VI is also in the brain and appears to mediate the effects of BDNF. It is also critical to transport of AMPA into the membrane.
The size of the step for a myosin motor depends upon the lever that propels the motor forward. Myosin V lever is three times larger than II, V taking steps that are 36 nanometers long and II taking steps that are 7 nanometers long. To see an actual film of myosin walking click here.
Myosin V moves in a hand over hand motion where the trailing foot leaves the actin and swings forward, just like humans walking. Myosin VI moves in the opposite direction also with 26 nm steps but also can take very small steps.
The motors are able to take many different steps because they are powered by ATP. When the ATP becomes ADP, it is released from the actin and is pushed forward by the lever motion. There is also an inherent strain on the molecules when both feet are attached that helps the motion forward.
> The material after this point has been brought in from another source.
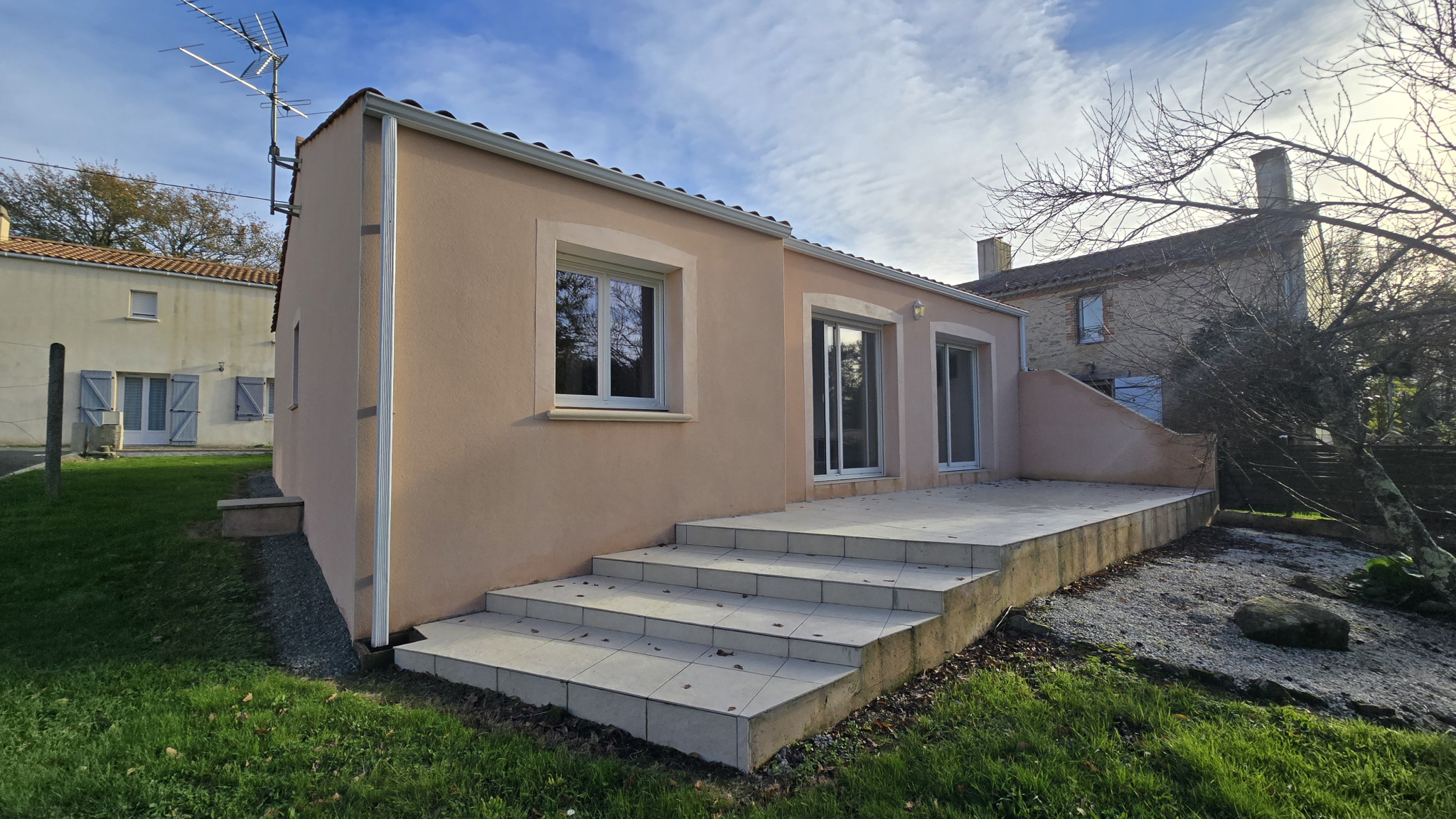 Elle offre une grande pièce de vie lumineuse avec deux grandes baies et une cuisine aménagée ouverte. La maison comprend également un espace nuit de deux chambres, une salle d'eau, un WC séparé, ainsi qu'un garage carrelé offrant la possiblité de nombreux rangements.
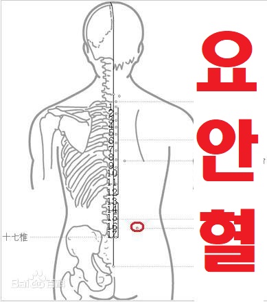 허리의 눈이라는 명칭의 요안혈은 요통, 생리통 등의 치료에 쓰이는 혈자리입니다.

The timing of the release of release of ADP and binding of ATP are critical for the function of the stepping.
Yet Another New Type of Neuroplasticity with Myosin Motors
Myosin motors are very complex structures with at least seventeen families of different structures operating with the rapidly changing and very versatile actin strands that create the changing scaffolding structures to support neuroplasticity. These complex structures respond to subjective mental experience almost instantly, and are part of the language of scaffolding engineering and shape, that are the neuron’s response to mental events. Myosin motors demonstrate a very wide variety of seemingly intelligent actions, very surprising for a protein molecule.
Because they work with the actin molecules they are able to keep up with the constantly changing pre synaptic and post synaptic changes in the axon and the dendrite spines.
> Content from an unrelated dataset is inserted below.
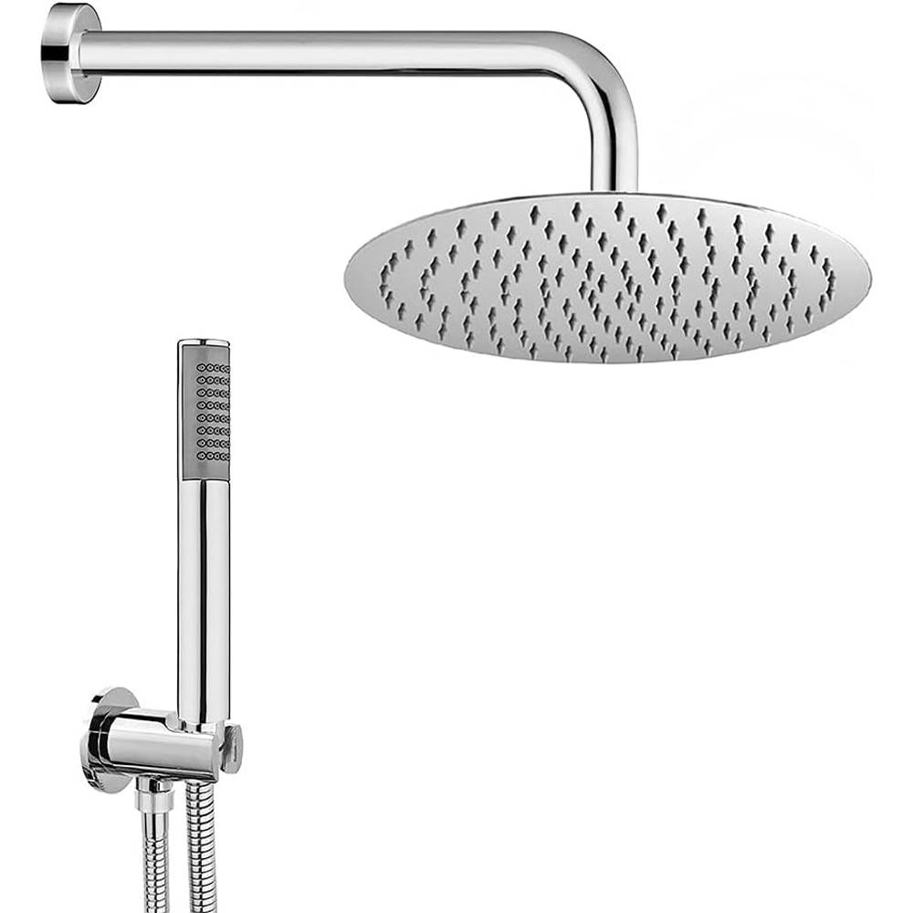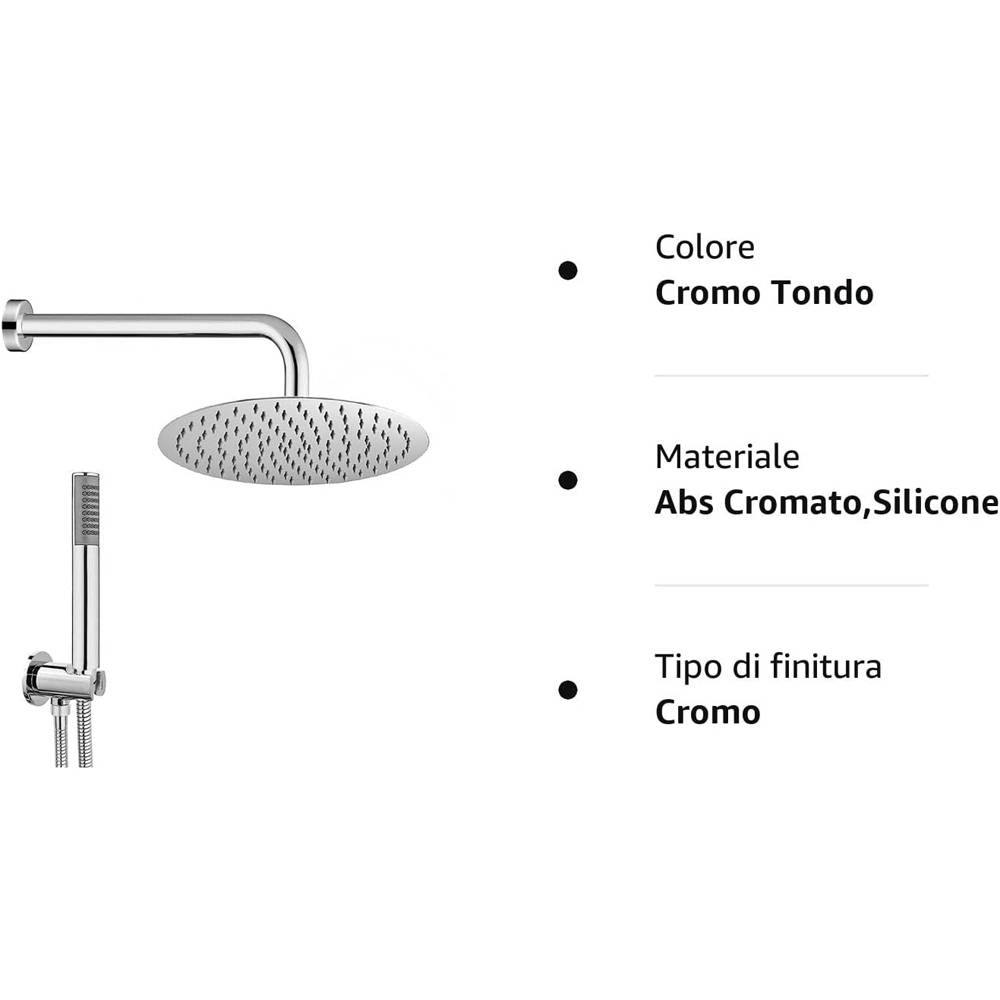Set Composto da: - Presa acqua 1/2" - 1/2" in ottone;- Doccetta in ABS; - Laccio doccia in gomma da 150 cm; - Braccio doccia in Acciaio cm 30; - Soffione Slim H. 2 in acciaio Inox (misura variabile)

There is no question that mental events stimulate these rapid millisecond changes in wide circuits, each brain region with different mechanisms. There are so many different mechanisms with so many different extremely complex proteins operating in the wide ranging neuroplastic circuits all at the same time, that it is difficult to imagine a central source other than the mind coordinating this. Somehow, the mind can act though a wide range of different molecular structures using the language of shape and function at both the molecular and circuit levels. It seems that wherever we look in the molecular structures there are new molecules responding to thought. Here we have yet another new type of neuroplasticity with myosin motors.